Javascript's Date does not work like you expect. But your python code is correct.
According to The epoch time listing, the epoch time for January 1, 2010 should be
1262304000
Python: (appears to be correct)
>>> (datetime(2010,1,1) - datetime(1970,1,1)).total_seconds()
1262304000.0
Javascript (appears to be wrong)
> new Date(2010,1,1).getTime()
1265011200000
or
> new Date(2010,1,1).getTime()/1000
1265011200
This is because Javascript date is not creating the date the way you expect. First, it creates the date in your current timezone, and not in UTC. So a "get current time" in javascript would be the clients time, whereas python would return the utc time. Also note that there is a bug in JS Date where the month is actually 0 based and not 1 based.

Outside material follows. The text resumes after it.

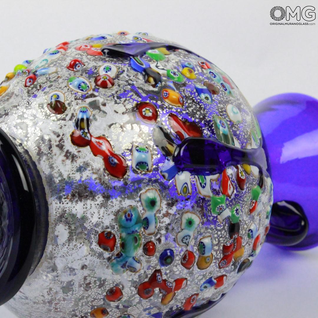 Glycine – Blaue Vase aus Murano-Glas mit Millefiori-Muster

> new Date(2010,1,1,0,0,0,0)
Date 2010-02-01T08:00:00.000Z
> new Date(2010,0,1,0,0,0,0)
Date 2010-01-01T08:00:00.000Z
Javascript can create a date from an epoch time:
> new Date(1262304000000)
Date 2010-01-01T00:00:00.000Z
Which is correct.
Alternatively you could use the following JS function to get a more accurate time please note that the month still starts at 0 and not 1
> Date.UTC(2010,0,1)
1262304000000
time.time()
does the same thing. Also, if the total seconds is what you're after, why are you multiplying by 1000? I didn't thinktotal_seconds()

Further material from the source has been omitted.